Most university dining experiences have changed significantly in recent years. They’ve traded up by offering healthier and more creative options. Today’s college students are nutrition savvy. They’ve grown up in a time where terms such as “farm-to-table” and “sustainable” are part of their culinary vocabulary. They want to know where their food comes from, what it will do for them and why they should eat it. And they want it to taste good, too.
Catering to these discerning palates is not the only challenge for on-campus dining halls. Meeting diverse dietary needs is also a concern. More and more students are turning to gluten-free, vegan and other specialized diets. Technomic’s recent College and University Consumer Trend Report revealed that nearly half (49%) of college and university students avoid some type of meat or animal products, and slightly more than half (54%) of students say it’s important to eat healthy and pay attention to nutrition. With that in mind, interesting choices need to be readily available.

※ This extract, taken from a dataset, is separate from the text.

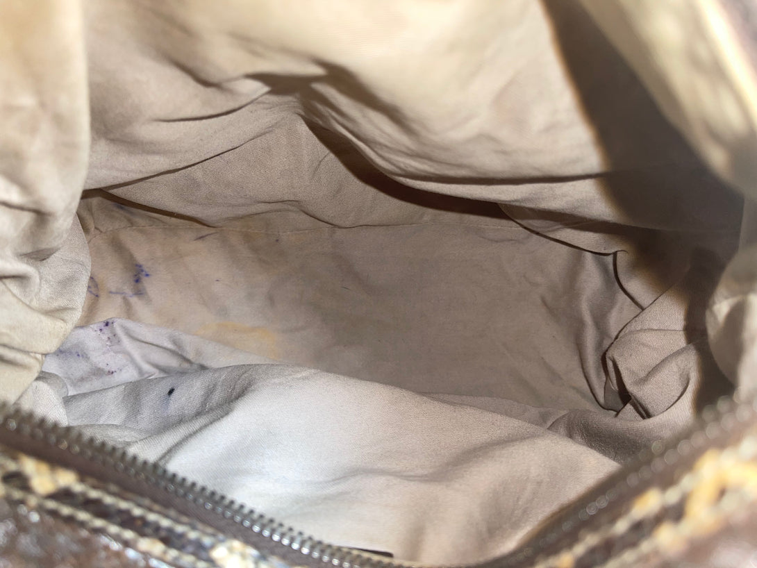 Good: Items show more prominent wear such as noticeable discoloration, stains and snags to fabric. May have worn corners and handles, tarnishing to hardware and creasing to leather. Pen or make up marks may be visible in the interior of the bag.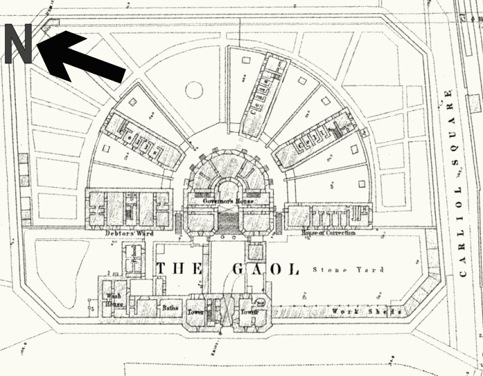 In 1828, a combined Town Gaol and House of Correction were erected on Carliol Square, Newcastle, replacing the existing Newgate, Castle Keep and Moot Hall prisons. The building was designed by John Dobson and adopted the then popular radial layout, with cell wings radiating from, though not connected to, the central governor's house,

Finding simple solutions that satisfy
College and university food service departments have to step up to the plate. And though quality is key, convenience also gets top billing.
Ready-made products that provide back-of-the-house solutions not only meet students’ expectations, but they also save time and money for the foodservice department. For instance, ready-made guacamole and avocado products help reduce the amount of time it takes kitchen staff to prep meals with the popular ingredient.
Pre-made or speed-scratch ingredients are an ideal solution for ensuring menus are diverse, great-tasting and easy to prepare. In today’s college environment, these are all sought-after qualities for students, other diners and the kitchen staff alike.
Top-ranked colleges know quality food counts
Top-ranked colleges offer outstanding on-campus dining. These institutions have become destinations where students can easily access healthy, quality food across a wide range of cuisines and dietary preferences. It’s more than likely that some of the most popular dishes on the menu are created with the help of prepared, speed-scratch ingredients such as sliced, ready-to-use avocados.
For instance, UCLA has won awards for vegan-friendliness and offers a host of nutritious and innovative options. Rather than having a tired breakfast sandwich, students can opt to start the day with some steamed barley and ground chicken sautéed with sliced mushrooms, Swiss chard and caramelized onions topped with fresh avocado.
At College of the Atlantic in Bar Harbor, Maine, students have choices such as shrimp cakes, Thai green curry with vegetables and avocado soup. James Madison University in Harrisonburg, VA offers gluten-free jambalaya, black bean burgers with avocado, and BLT bruschetta.
Creating quality is not that difficult when operators work with ingredients that are easy to use, easy to source and can be easily incorporated into a variety of dishes and menus.
Speed-scratch ingredients such as ready-to-use avocado mean less work for kitchen staff and tasty dishes for diners. What’s not to love?